▸ Problem to solve: The records that follow are to be printed exactly, with no images.

▸ Given information:
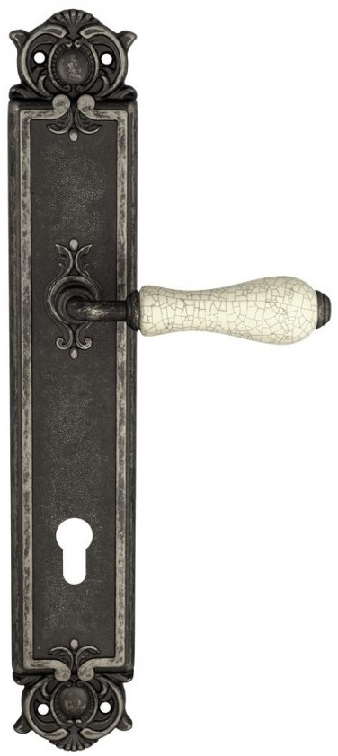 Дверная ручка Venezia \"COLOSSEO\" белая керамика паутинка CYL на планке PL97 античное серебро
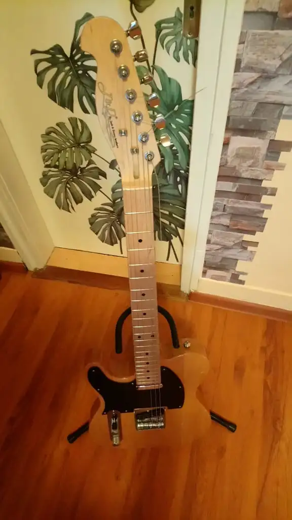 Eladó Jack And Danny Brothers Telecaster balkezes gitár. A test mesterségesen vintage kinézetűvé lett téve, már így került hozzám. Az eredeti hangszedőket Squier Fender Standard Telecaster gitárból kiszerelt hangszedőkre cseréltem. Meglepően jó, Fenderes hangja lett. A clean csilingelő tiszta, a crunch hangzás nekem a Status Quo hangzását idézi. A nyak kényelmes, könnyen játszható, alacsony húrnyomásra állítva. Tartozék a képen látható Ibanez puhatok, valamint az gyári fehér koptató. Az eredeti hangszedőket is adom hozzá. Elixir extra light 009-042 húrkészlettel. Ennyi pénzért egy kimondottan jó hangú gitár.
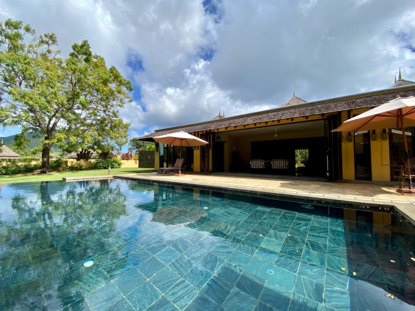 Prestigious villa fully furnished with taste and style within an integrated development program, in Tamarin ... It includes 3 ensuite bedroom and another room converted into an office, and spacious rooms, fitted kitchen and utility room, closed garage and covered veranda with direct view on the overflowing swimming pool ... Bonus point: a pavilion of 47m2 with en-suite bedroom.Situated on the beautiful west coast of Mauritius, the Tamarina Golf Estate boasts a magnificent 18-hole Championship golf course on a 206-hectare estate, a restaurant, a beach hotel & a beach club. 119 exclusive villas are magnificently designed with a combined use space, light, wood, stone and colonial shingles in optimal proportion for aesthetic impact.
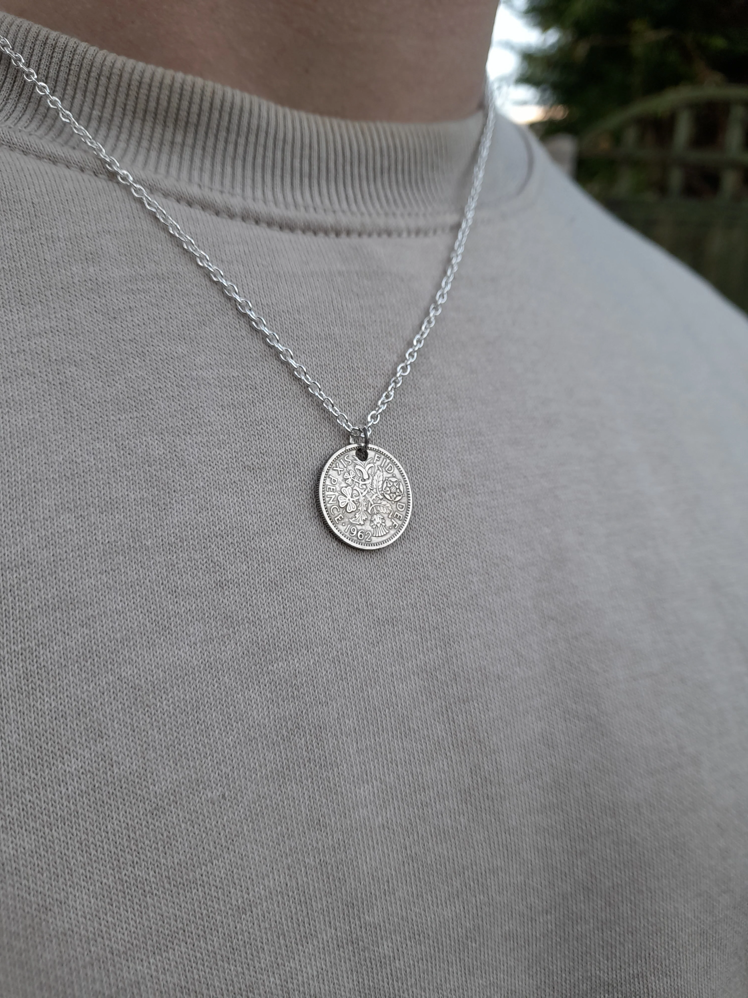 Each sixpence pendant is handmade, meaning subtle variations in surface detail and finish should be expected.
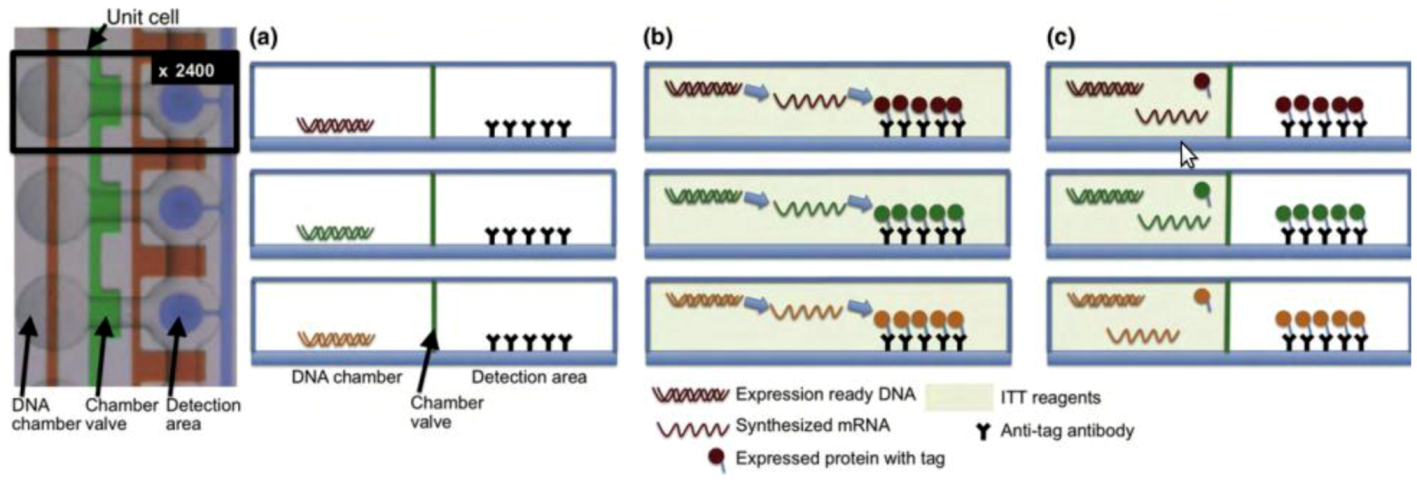 DNA to protein arrays microfluidic platform. (a) DNA templates are enclosed on each unit chamber, while the detection area contains immobilized antibodies. (b) To generate the DNA to protein array (DTPA) the device is loaded with the in vitro transcription/translation (ITT) reaction mixture, allowing for protein synthesis to occur. (c) The detection area is washed to remove any ITT leftovers, and the protein array is now ready for further analysis. Reprinted with permission from [123], Copyright (2010) Elsevier Ltd.
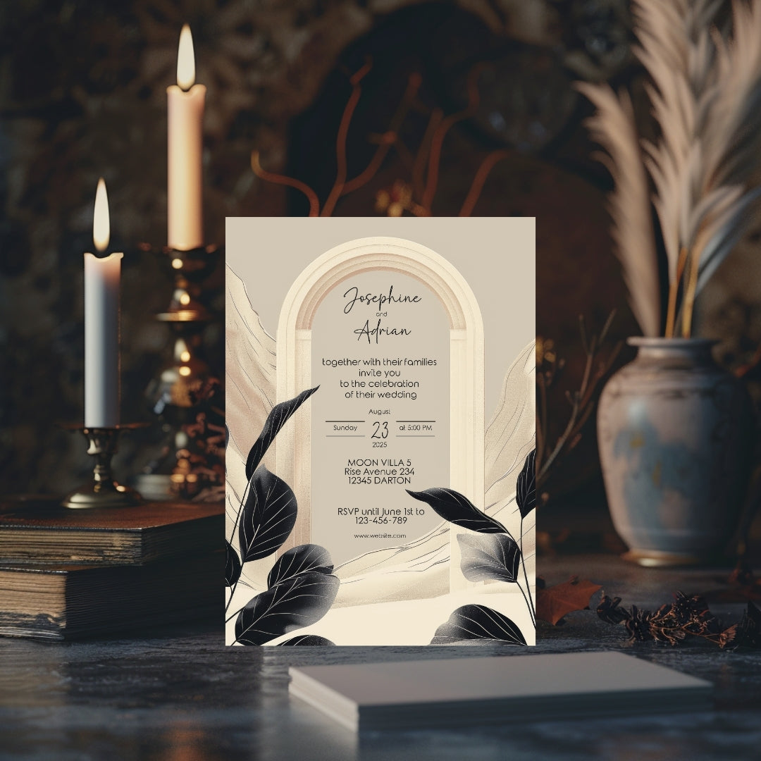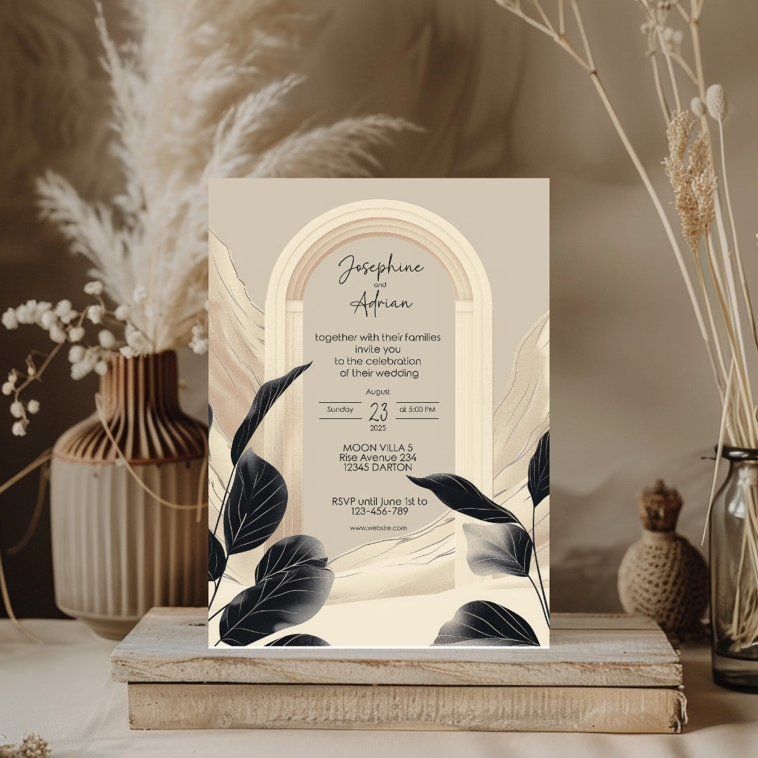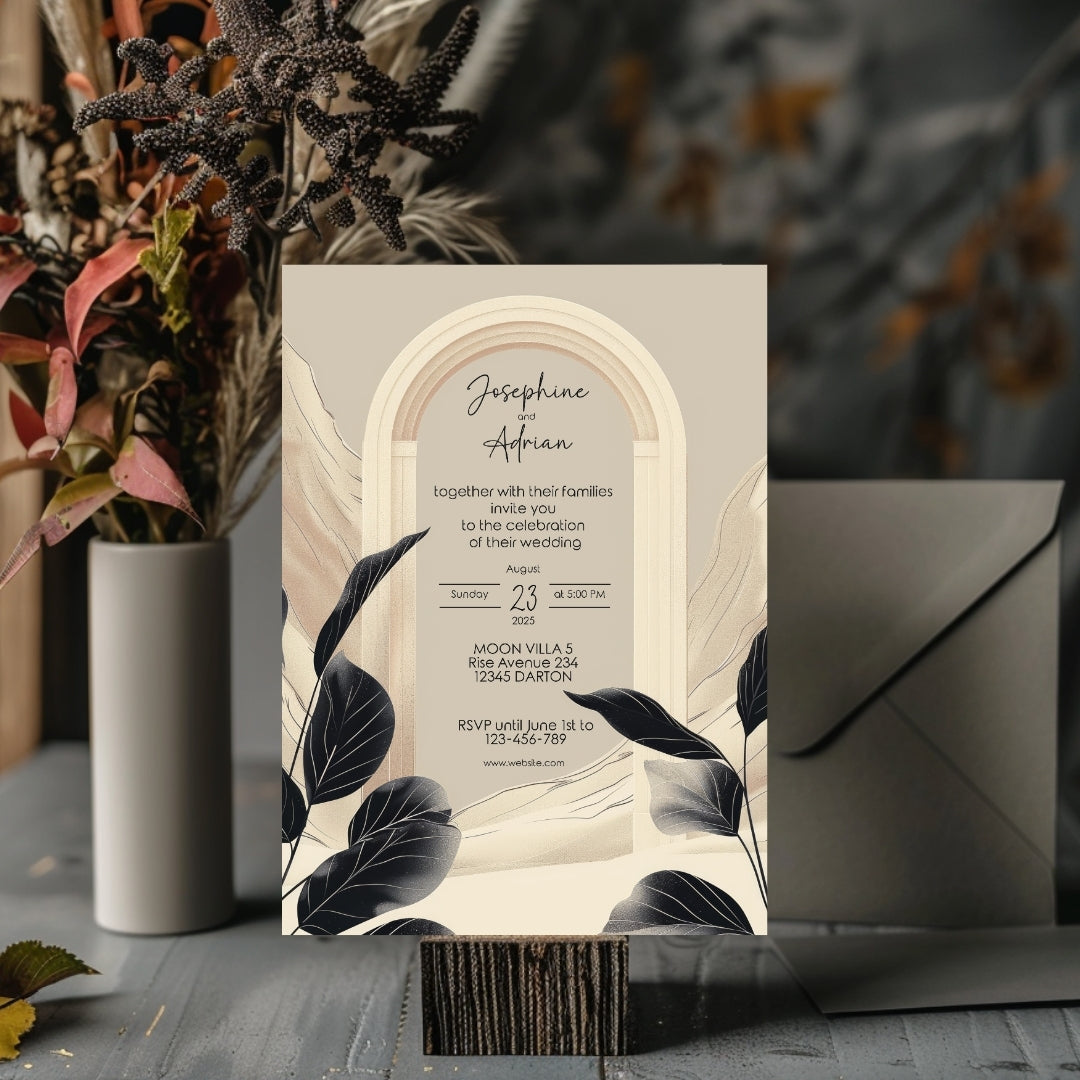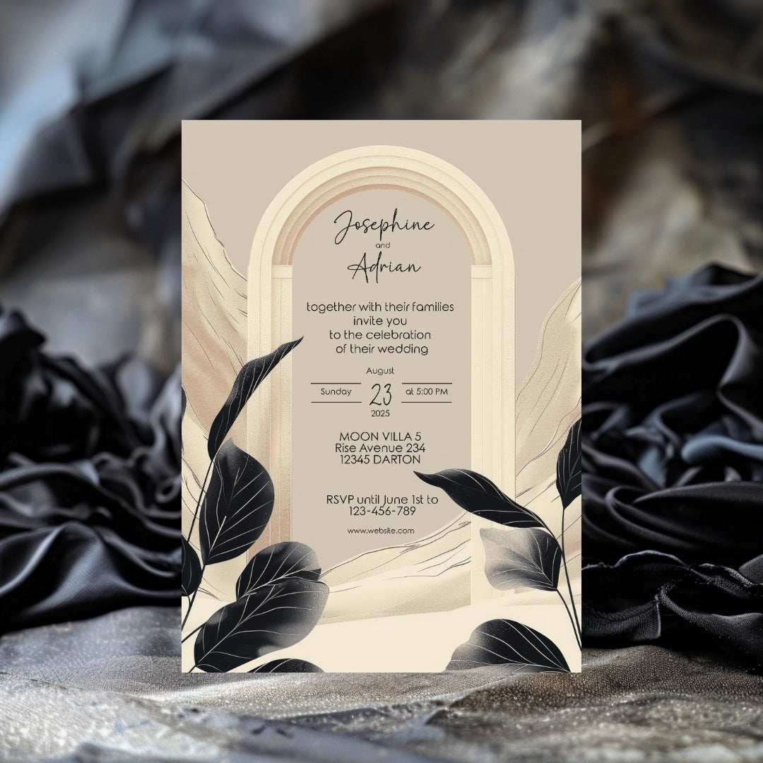 Indulge in the understated sophistication of our "Creamy Serenity Art Deco Wedding Invitation". This digital template is infused with the poise and polish of the 1920s, brought to life with contemporary flair. Soft cream hues and bold black botanicals dance across a canvas of simplicity, providing a tranquil yet striking invitation perfect for your wedding, elegant birthday, or any refined celebration. The arching details and harmonious design offer a personalized digital canvas, ready to be tailored with your event details for either print or electronic distribution. Set the tone for your special day with an invitation that speaks volumes in its serene elegance.

▸ Output below:
 Дверная ручка Venezia \"COLOSSEO\" белая керамика паутинка CYL на планке PL97 античное серебро
 Eladó Jack And Danny Brothers Telecaster balkezes gitár. A test mesterségesen vintage kinézetűvé lett téve, már így került hozzám. Az eredeti hangszedőket Squier Fender Standard Telecaster gitárból kiszerelt hangszedőkre cseréltem. Meglepően jó, Fenderes hangja lett. A clean csilingelő tiszta, a crunch hangzás nekem a Status Quo hangzását idézi. A nyak kényelmes, könnyen játszható, alacsony húrnyomásra állítva. Tartozék a képen látható Ibanez puhatok, valamint az gyári fehér koptató. Az eredeti hangszedőket is adom hozzá. Elixir extra light 009-042 húrkészlettel. Ennyi pénzért egy kimondottan jó hangú gitár.
 Prestigious villa fully furnished with taste and style within an integrated development program, in Tamarin ... It includes 3 ensuite bedroom and another room converted into an office, and spacious rooms, fitted kitchen and utility room, closed garage and covered veranda with direct view on the overflowing swimming pool ... Bonus point: a pavilion of 47m2 with en-suite bedroom.Situated on the beautiful west coast of Mauritius, the Tamarina Golf Estate boasts a magnificent 18-hole Championship golf course on a 206-hectare estate, a restaurant, a beach hotel & a beach club. 119 exclusive villas are magnificently designed with a combined use space, light, wood, stone and colonial shingles in optimal proportion for aesthetic impact.
 Each sixpence pendant is handmade, meaning subtle variations in surface detail and finish should be expected.
 DNA to protein arrays microfluidic platform. (a) DNA templates are enclosed on each unit chamber, while the detection area contains immobilized antibodies. (b) To generate the DNA to protein array (DTPA) the device is loaded with the in vitro transcription/translation (ITT) reaction mixture, allowing for protein synthesis to occur. (c) The detection area is washed to remove any ITT leftovers, and the protein array is now ready for further analysis. Reprinted with permission from [123], Copyright (2010) Elsevier Ltd.
 Indulge in the understated sophistication of our "Creamy Serenity Art Deco Wedding Invitation". This digital template is infused with the poise and polish of the 1920s, brought to life with contemporary flair. Soft cream hues and bold black botanicals dance across a canvas of simplicity, providing a tranquil yet striking invitation perfect for your wedding, elegant birthday, or any refined celebration. The arching details and harmonious design offer a personalized digital canvas, ready to be tailored with your event details for either print or electronic distribution. Set the tone for your special day with an invitation that speaks volumes in its serene elegance.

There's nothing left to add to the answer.